Наши теоретические представления, данные тогдашней «наукой», не только бесчисленными популярными статьями по естествознанию, истории и т. п., но и самой школьной наукой ставили нас уже в достаточно отрицательное отношение к социальному строю России, особенно к ее образу правления и т. п. Оценка литературой и обществом текущей русской действительности довершала дело. Я пережил мальчиком и юношей эпоху реформ, которые теперь превозносятся либералами. Но в то время я решительно не слыхал об этих самых реформах доброго слова. Тогда оказывалось, что все делается не так, как следует. За что ни берется правительство, все только портит. Вместо того чтоб окружить доброго Государя, столь заботящегося о желаниях общества, окружить его любовью, попечением, сиянием мудрости, в те времена либералы только жаловались и давали делу такой вид, будто правительство «делает уступки», да «недостаточные». Либералы действительно только «либеральные», не имеющие в глубине души анархистской подкладки, никогда бы не позволили себе такого глупого поведения, совершенно несообразного с их партийными интересами. Вместо того чтобы поддерживать выгодное для них правительство, вместо того чтобы и нам внушать, что только одно либеральное правительство может хорошо вести дело, – либеральная воркотня только готовила врагов правительства и нам, молодежи, невольно внушала мысль, что правительство какое бы то ни было, хотя бы и самое либеральное, все-таки ничего не умеет сделать. С ранней молодости я только и слыхал, что Россия разорена, находится накануне банкротства, что в ней нет ничего, кроме произвола, беспорядка и хищений; это говорилось до того единодушно и единогласно, что только побывавши за границей, сравнивши наши монархические порядки с республиканскими, я мог наконец понять всю вздорность этих утверждений. Но тогда, ничего еще не зная, при молодой неопытности, право, невозможно было не поверить.
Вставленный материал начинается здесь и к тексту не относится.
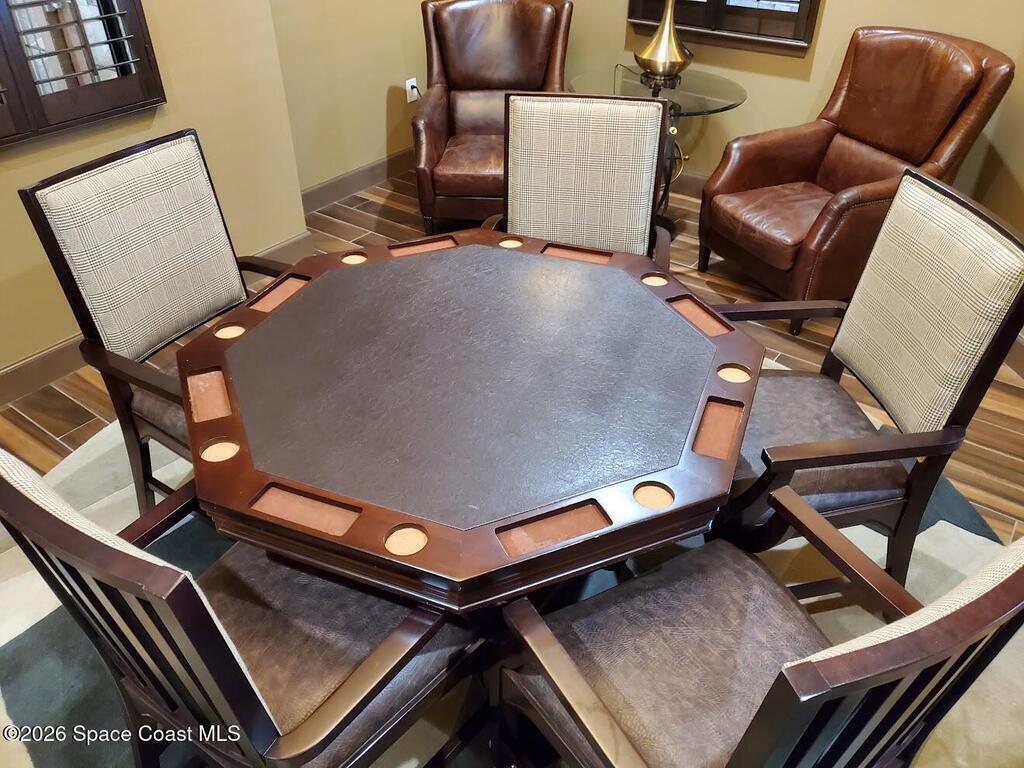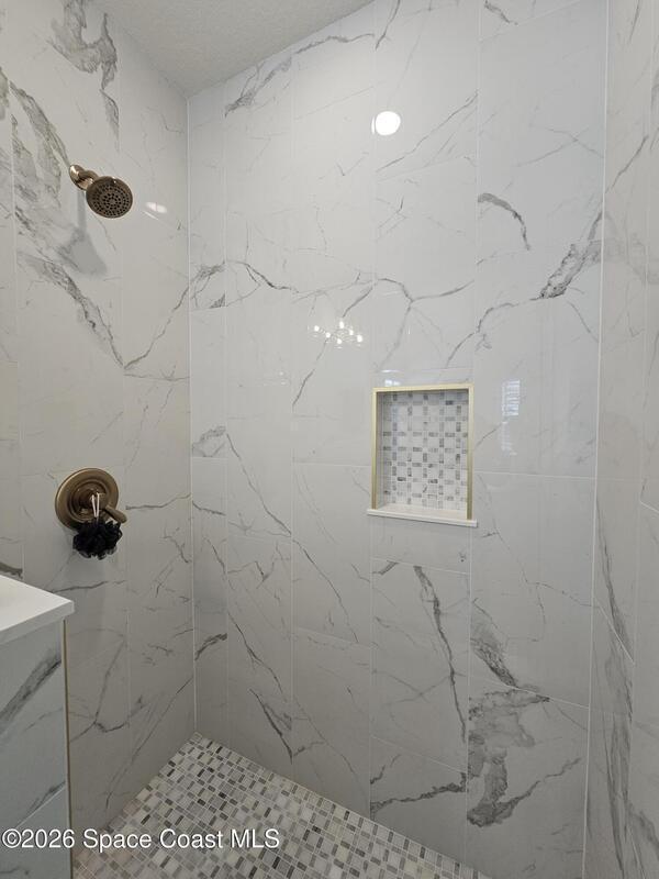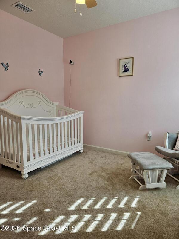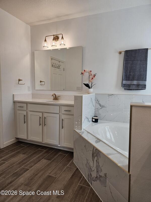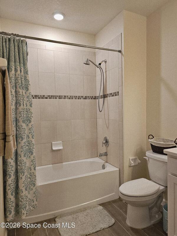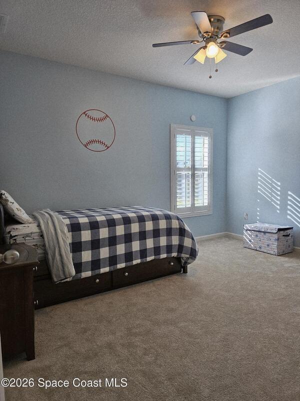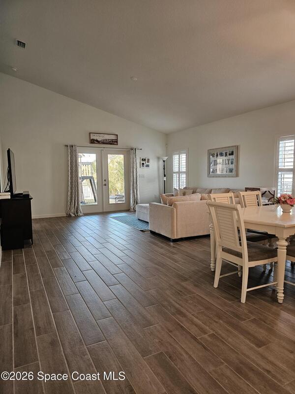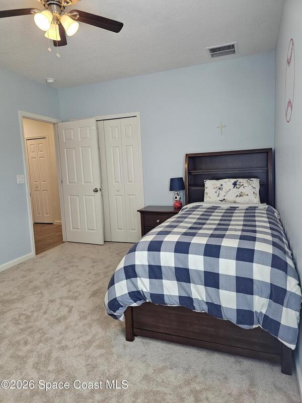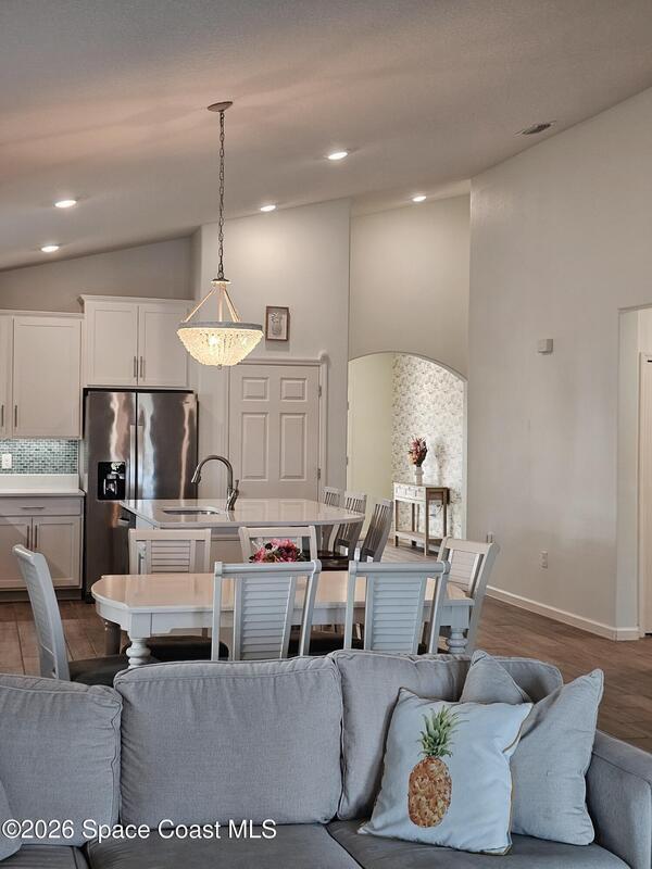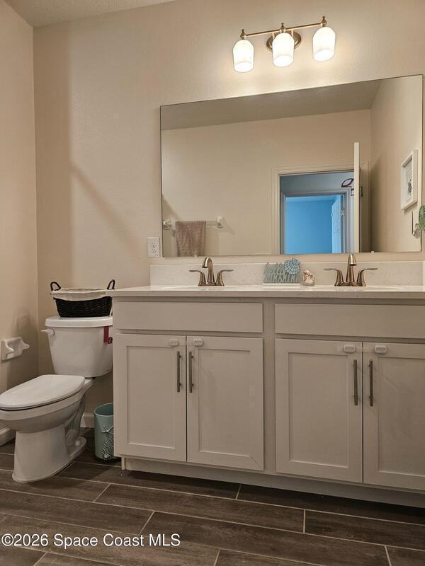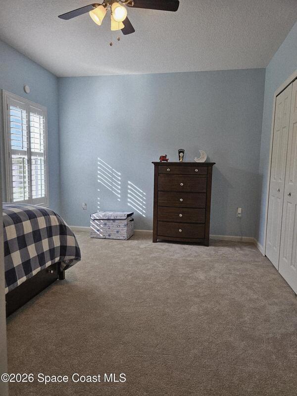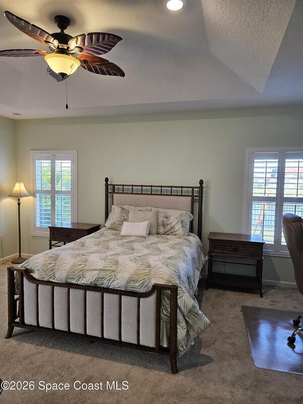 Solar panels/low electric bill. Immaculately maintained & modern flair. Versatile floor plan w/ 3 bedrooms + a flex room w/ French doors, ideal as home office or 4th bedroom. Freshly painted interior, complemented by plantation shutters. Kitchen features white shaker cabinets, quartz countertops, a center island, glass tile backsplash, & a pantry w/ wood shelving & motion lighting. Primary suite w/ double closets & French doors leading to the lanai. Remodeled en-suite bath boasts gold fixtures & accessories, upgraded floor-to-ceiling tile in the shower w/ a recessed shelf, marble floor tiles, a frameless glass shower door, & matching tile surrounding the soaking tub. Centralized smart hub, Wi-Fi switches, keyless entry, & Ring doorbell, offering efficiency & peace of mind. Enjoy water views from the lanai, a fully fenced backyard, & added privacy alongside w/ adjacent community lot. Paver driveway & front pad, front-load washer & dryer w/ pedestals. 2025 HWH, 2020 Roof, 2020 A/C.

Но не все же в России были либералами? Конечно. Было, слава Богу, много людей «старой культуры», и не из каких-нибудь своекорыстных «крепостников». Помню людей очень развитых, гуманных. Таков был, недалеко ходить, покойный отец мой. Но время было какое-то странное. Делались улучшения. Но именно сердец этих людей, которые могли бы быть лучшей нравственной опорой правительства, улучшения не затрагивали. Отец мой был вполне монархист и во мне заложил зародыши монархических симпатий, но чем? Своими рассказами о «николаевских временах». Так велико было во мне впечатление этих теплых рассказов о суровом, величавом времени, умевшем высоко держать свое знамя, что я никогда уже не мог разлюбить личность Императора Николая, даже во времена наибольшего отрицания системы. Почему же отец не находил этого теплого чувства для защиты нового, «улучшенного» времени? Крепостных он не имел, да и не захотел бы иметь. Улучшениям вообще радовался, ничего даже прямо не порицал. Но, видно, новое время чем-то не совпадало с его русским православным чувством. Он оставался холоден. Так и другие. Они не были теоретики, но просто чувствовали, что новое время со всеми своими улучшениями стремится куда-то в ненадлежащее место. Благодаря этой особенности эпохи она, таким образом, не получала защиты и поддержки даже от людей совершенно бескорыстно, без условий преданных правительству и своей нравственной чистотой способных сильно влиять на молодежь… Повторяю, то было несчастное, обреченное поколение, как будто нарочно какой-то таинственной силой систематически отрезываемое ото всего, что могло бы спасти его от гибели.
Часть 10
При крайне упрощенном миросозерцании, при облегченной работе наше развитие не брало много времени. В 18–19 лет оно было закончено. Очень самоуверенные, набитые иногда значительным количеством там-сям нахватанных знаний, мы, собственно, оставались весьма неразвиты и невежественны. Ни одного факта мы не знали в его действительной полноте и разносторонности. Многоразличные точки зрения, с которых учители человечества пытались так и сяк осветить жизнь, были известны нам разве по названиям, в перевранном виде. Мир, без перспективы, без оттенков, распадался пред нами на две ясно очерченные области. С одной стороны – суеверие, мрак, деспотизм, бедствия, с другой – наука, разум, свет, свобода и земной рай. В этом умственном состоянии большинство и застыло, вероятно – навсегда.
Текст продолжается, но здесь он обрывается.